As principais delas serão a revisão das mudanças do Benefício de Prestação Continuada (BPC) e a aposentadoria rural. A expectativa é que esses itens sejam retirados do texto. O problema é como o governo vai recuperar perdas da ordem de R$ 200 milhões em dez anos a partir da manutenção das regras atuais desses dois itens. Na reforma da Previdência entregue pelo governo, a idade mínima para a concessão da aposentadoria rural é de 60 anos para homens e mulheres. Pela regra em vigor, a idade mínima para homens é de 60 anos e para mulheres, 55.

No caso do BPC, pela proposta do governo, somente idosos com 70 anos ou mais teriam direito ao benefício integral de um salário mínimo.

Além disso, o próprio Congresso vai tocar uma agenda própria de reforma tributária . O texto da PEC 45/19, que introduz as mudanças no código tributário, foi aprovado pela Comissão de Constituição e Justiça (CCJ) da Câmara na quarta-feira e será analisado em comissão especial a partir dessa semana.

Alguns integrantes da Câmara acreditam que essa proposta tende a ser aprovada no início do segundo semestre. Ela é baseada nas ideias do economista Bernard Appy. Em resumo, a intenção é criar um novo tributo de bens e serviços, uma espécie de Imposto de Valor Agregado (IVA), com a unificação do PIS/Cofins, IPI, ICMS e ISS, passando um trator por cima do governo.

Em resposta a essa postura da Câmara, Bolsonaro declarou que pretende mandar sua proposta de reforma tributária para a Câmara tão logo a previdenciária termine. Uma iniciativa totalmente inútil e descompassada com o novo e vitaminado Congresso. Afinal, quando a reforma tributária do governo chegar à Câmara, as mudanças tocadas por Maia já estarão quase prontas.

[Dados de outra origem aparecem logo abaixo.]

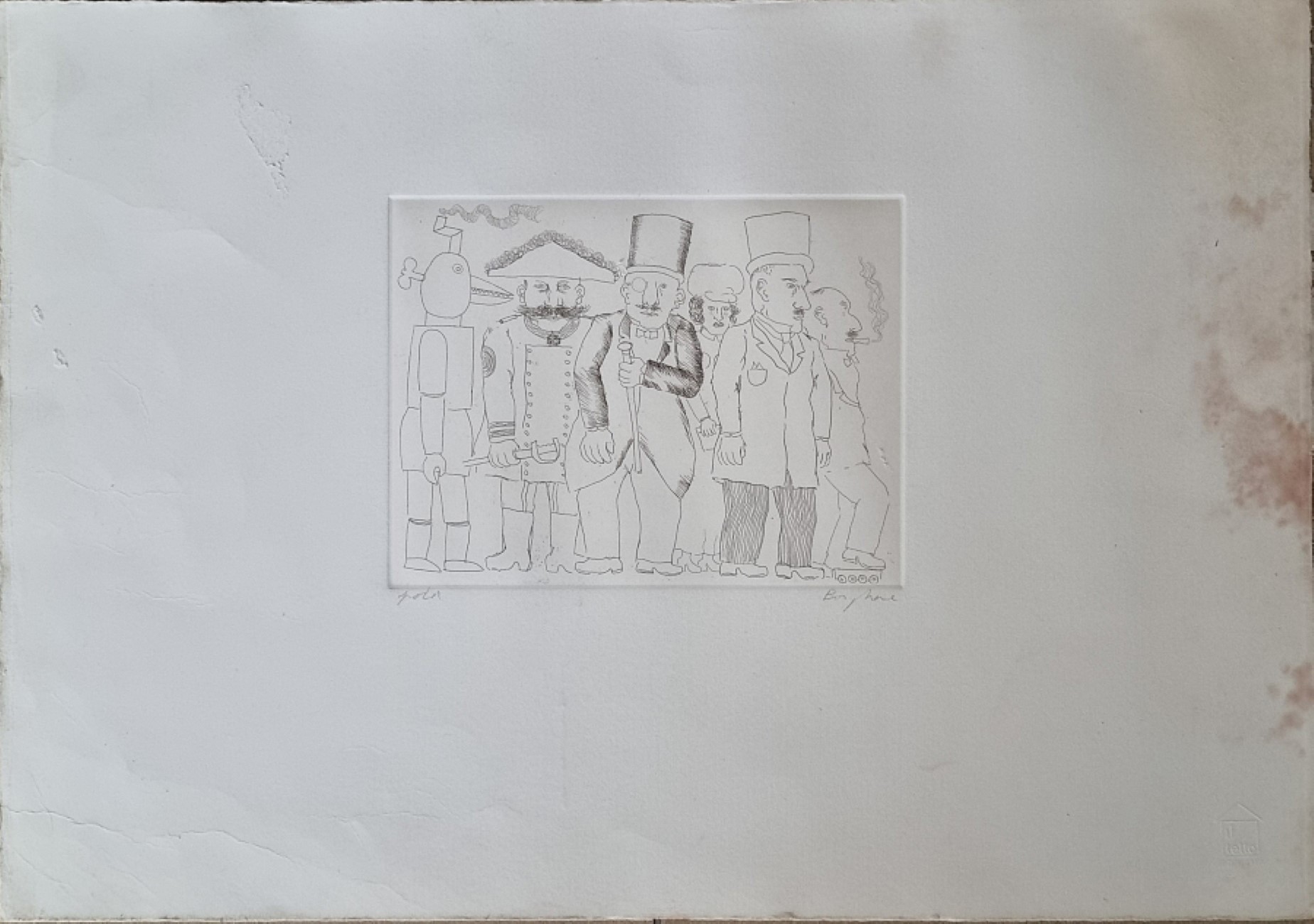 BORGHESE FRANZ Roma 1941 - 2005 "Senza titolo" Incisione su cartoncino cm 50x35 (foglio), cm 19x15 (disegno). Firmata sul fronte in basso a destra, tiratura p.d.a. a sinistra. Provenienza Studio Borghese. (Presenta macchia di umido sul margine destro del foglio).

Ciente desse fiasco, Marcos Cintra, secretário da Receita Federal, disse que o governo vai acabar encampando a iniciativa dos parlamentares. Para amenizar o clima belicoso com os deputados, o presidente ainda tentou afagá-los. Disse, na segunda-feira (20), durante evento de lançamento da campanha publicitária pela Nova Previdência, que ele respeita o Congresso: “Temos cinco deputados federais entre eles (ministros). Nós valorizamos o Parlamento brasileiro, que dará a palavra final nessa questão da Previdência, tão rejeitada nos últimos anos”.

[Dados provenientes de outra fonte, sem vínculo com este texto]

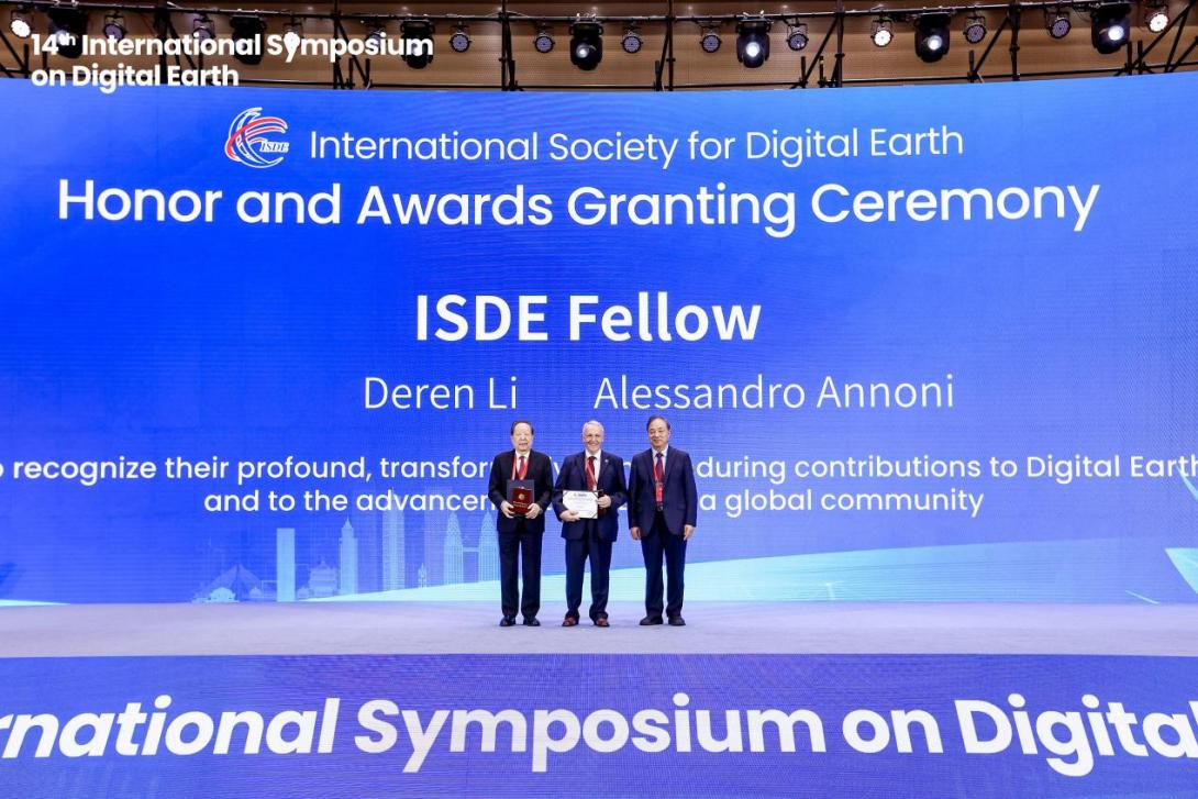 开幕式上,国际数字地球学会颁发了重要荣誉和奖项。为表彰李德仁院士在摄影测量、遥感及地球空间信息科学领域的卓越成就,以及学会主席Alessandro Annoni博士为引领学会使命前瞻、推动数字地球愿景所做出的杰出贡献,学会特授予两位“国际数字地球学会会士”的最高荣誉称号。

O problema é que são poucos os parlamentares que de fato confiam em Bolsonaro. Nem mesmo os do PSL. E como ensina Maquiavel, se o presidente não tem demonstrado qualidades para se manter no cargo, é melhor que ele não conte com a sorte. Dois ex-presidentes (Fernando Collor de Mello e Dilma Rousseff) fizeram exatamente isso e o resultado foi o que todos conhecemos: o impeachment. O Brasil não merece assistir o mesmo filme pela terceira vez em tão pouco tempo.